**DIRECTIONS FOR THIS TASK**. In the records below, find the line containing "水色が好き、キラキラしたもの" and transcribe it and every line after it exactly; leave the pictures out.

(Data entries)
• • • • •

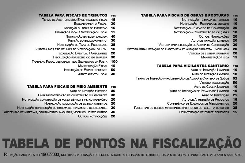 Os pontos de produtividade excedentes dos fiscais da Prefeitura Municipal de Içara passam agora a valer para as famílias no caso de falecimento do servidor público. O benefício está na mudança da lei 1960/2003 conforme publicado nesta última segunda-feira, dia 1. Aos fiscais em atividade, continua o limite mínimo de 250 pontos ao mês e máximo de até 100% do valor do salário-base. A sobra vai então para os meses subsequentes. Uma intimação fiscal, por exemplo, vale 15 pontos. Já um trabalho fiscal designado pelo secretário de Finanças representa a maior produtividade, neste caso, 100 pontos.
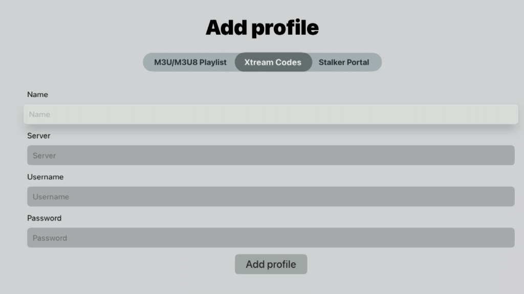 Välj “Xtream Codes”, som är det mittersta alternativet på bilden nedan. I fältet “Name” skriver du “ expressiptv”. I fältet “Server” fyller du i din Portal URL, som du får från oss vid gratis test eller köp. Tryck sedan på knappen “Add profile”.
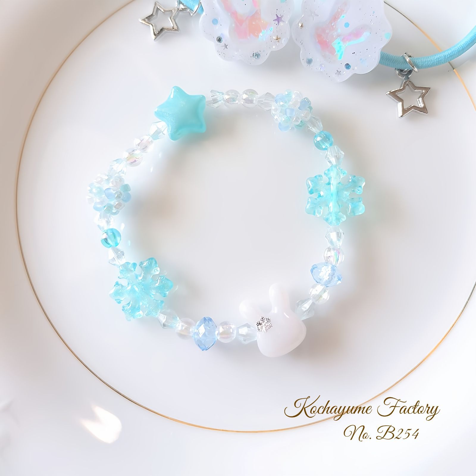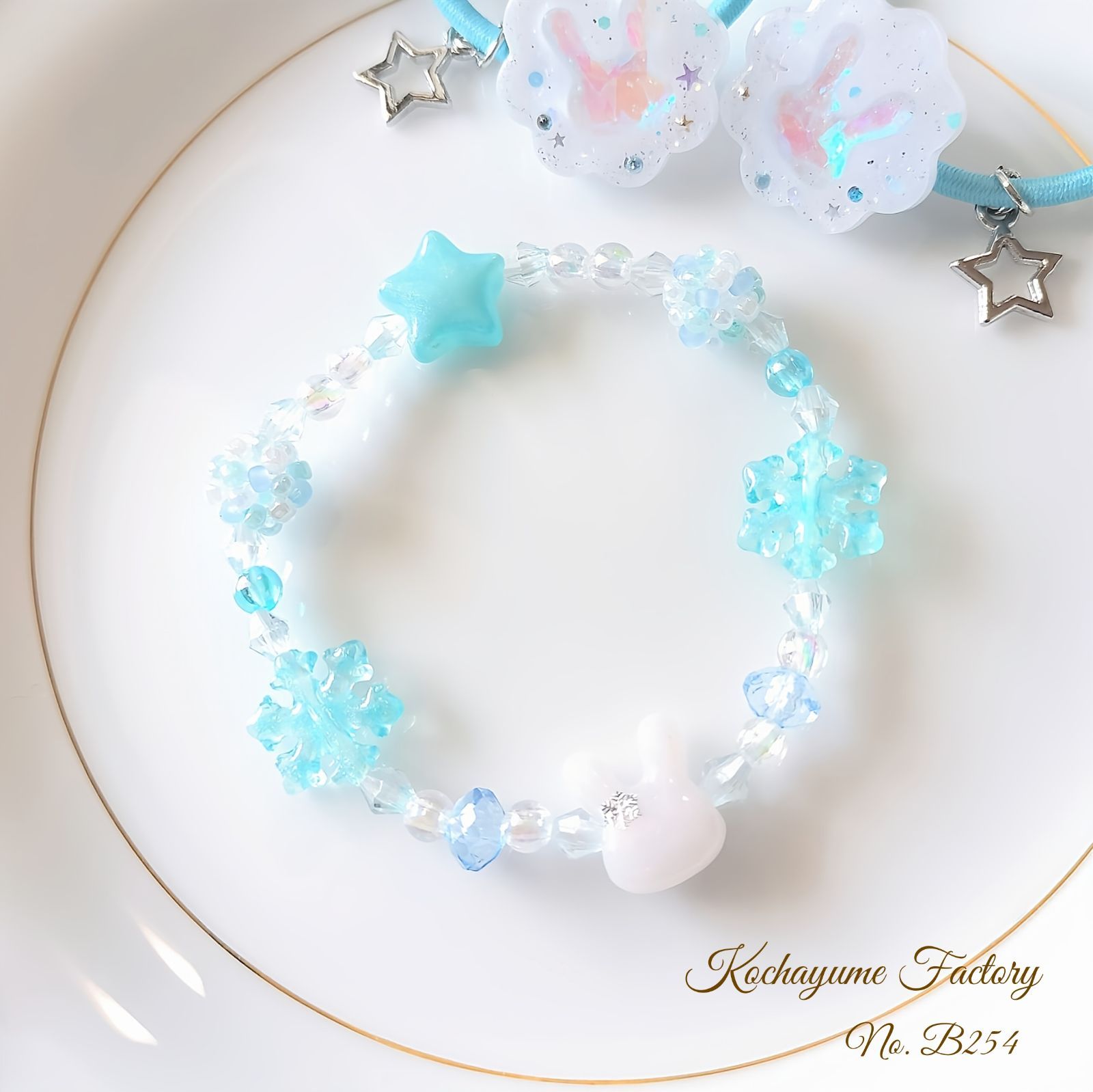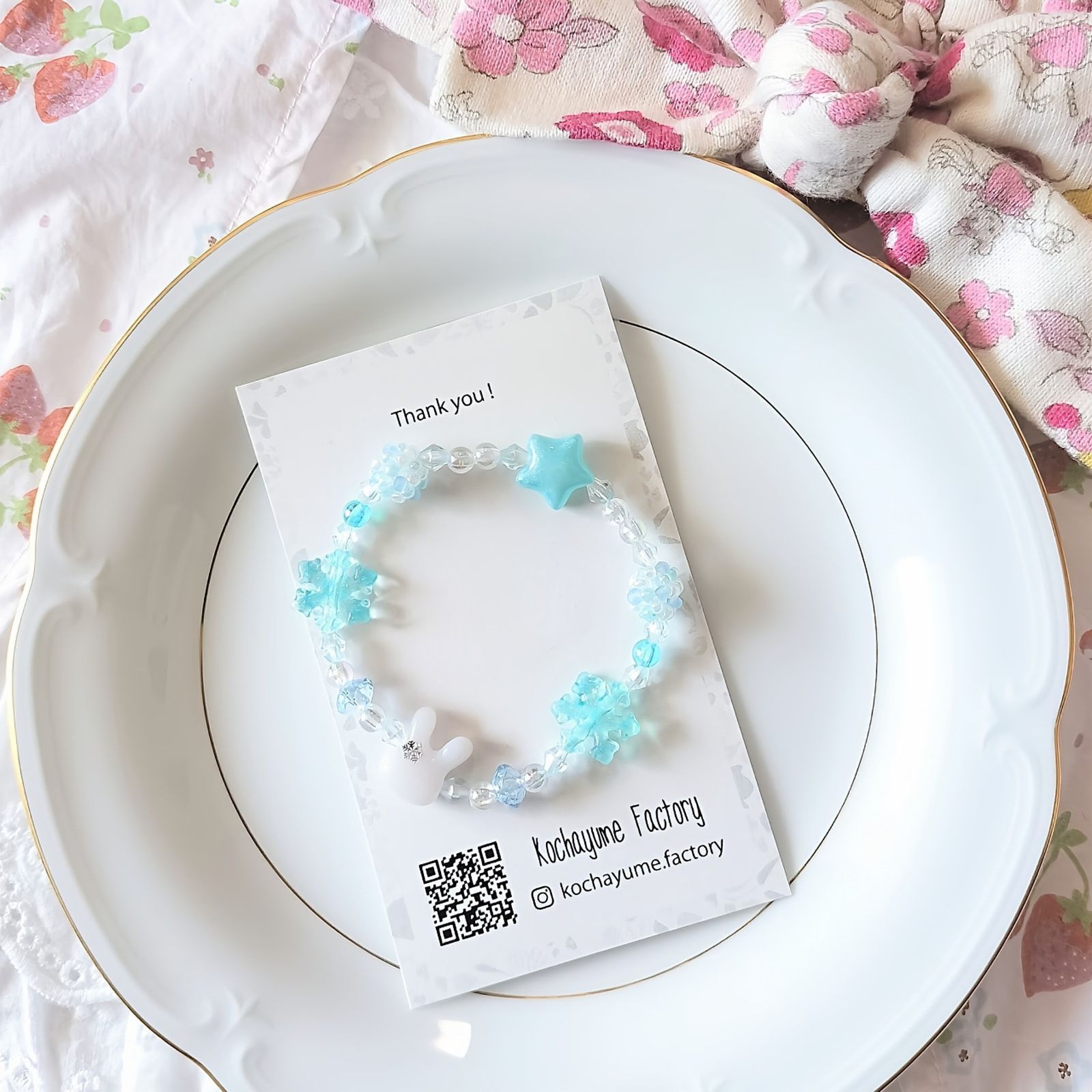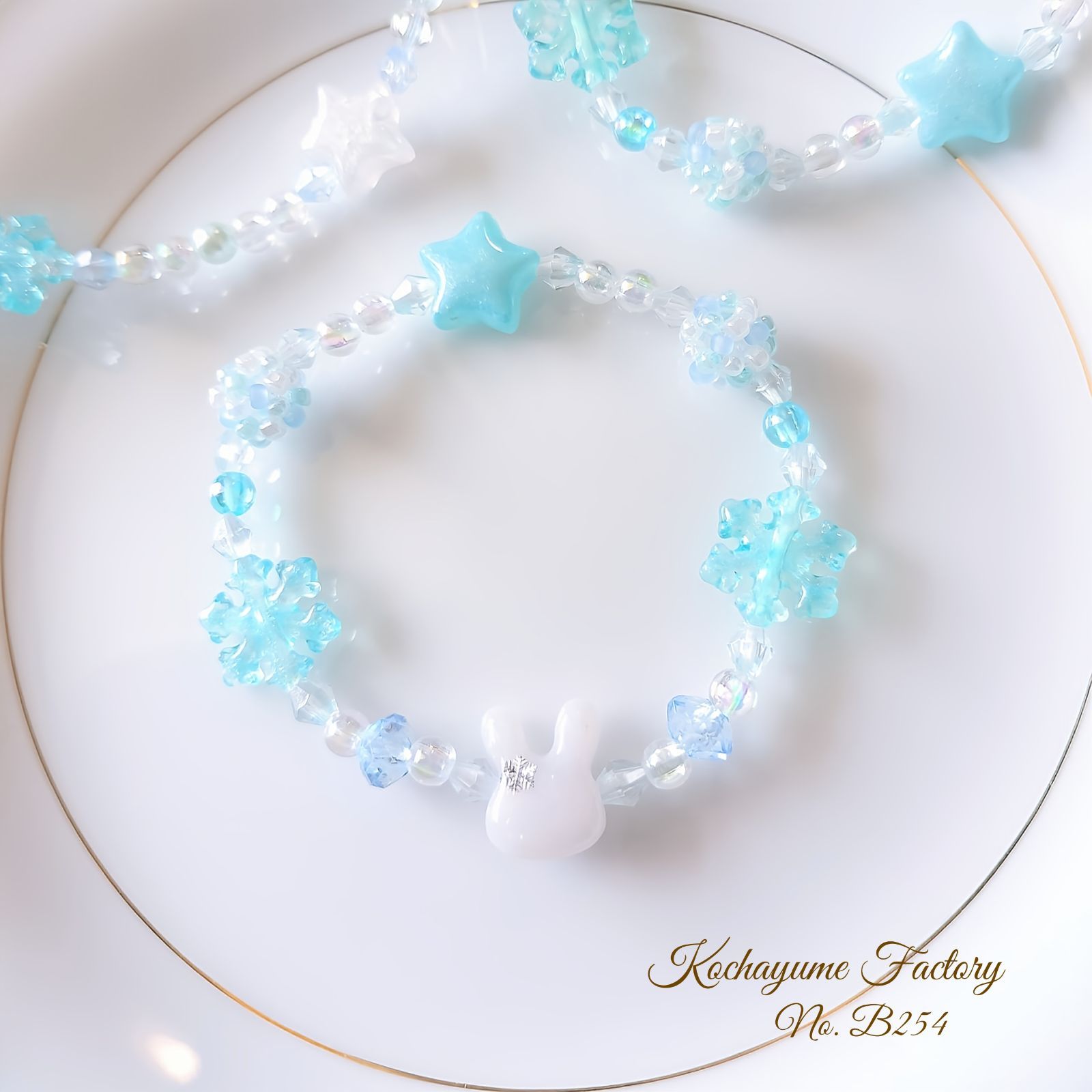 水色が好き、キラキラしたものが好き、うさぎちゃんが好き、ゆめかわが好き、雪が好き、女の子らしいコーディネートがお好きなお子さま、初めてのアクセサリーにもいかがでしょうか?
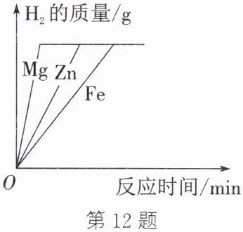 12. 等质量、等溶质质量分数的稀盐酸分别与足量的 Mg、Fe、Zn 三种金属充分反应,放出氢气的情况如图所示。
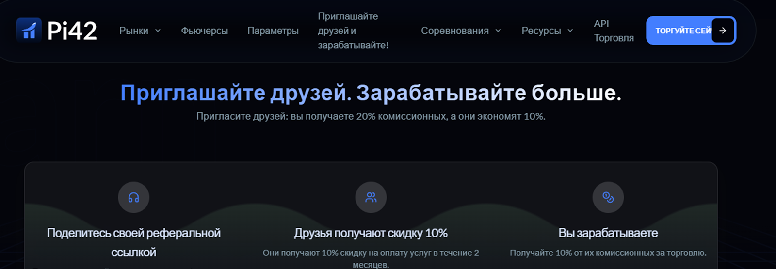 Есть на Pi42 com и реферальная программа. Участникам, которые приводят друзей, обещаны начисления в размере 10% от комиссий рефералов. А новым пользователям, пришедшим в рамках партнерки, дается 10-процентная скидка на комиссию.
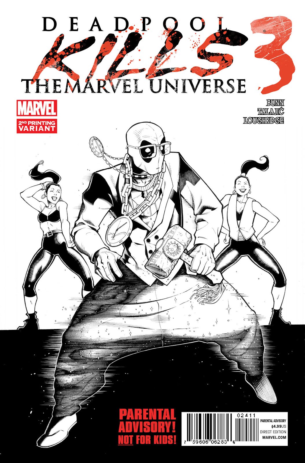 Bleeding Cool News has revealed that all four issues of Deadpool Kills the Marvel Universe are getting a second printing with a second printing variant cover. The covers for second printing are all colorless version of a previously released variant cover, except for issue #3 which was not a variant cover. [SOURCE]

• • • • •

**SOLUTION TO THIS EXERCISE**.
 水色が好き、キラキラしたものが好き、うさぎちゃんが好き、ゆめかわが好き、雪が好き、女の子らしいコーディネートがお好きなお子さま、初めてのアクセサリーにもいかがでしょうか?
 12. 等质量、等溶质质量分数的稀盐酸分别与足量的 Mg、Fe、Zn 三种金属充分反应,放出氢气的情况如图所示。
 Есть на Pi42 com и реферальная программа. Участникам, которые приводят друзей, обещаны начисления в размере 10% от комиссий рефералов. А новым пользователям, пришедшим в рамках партнерки, дается 10-процентная скидка на комиссию.
 Bleeding Cool News has revealed that all four issues of Deadpool Kills the Marvel Universe are getting a second printing with a second printing variant cover. The covers for second printing are all colorless version of a previously released variant cover, except for issue #3 which was not a variant cover. [SOURCE]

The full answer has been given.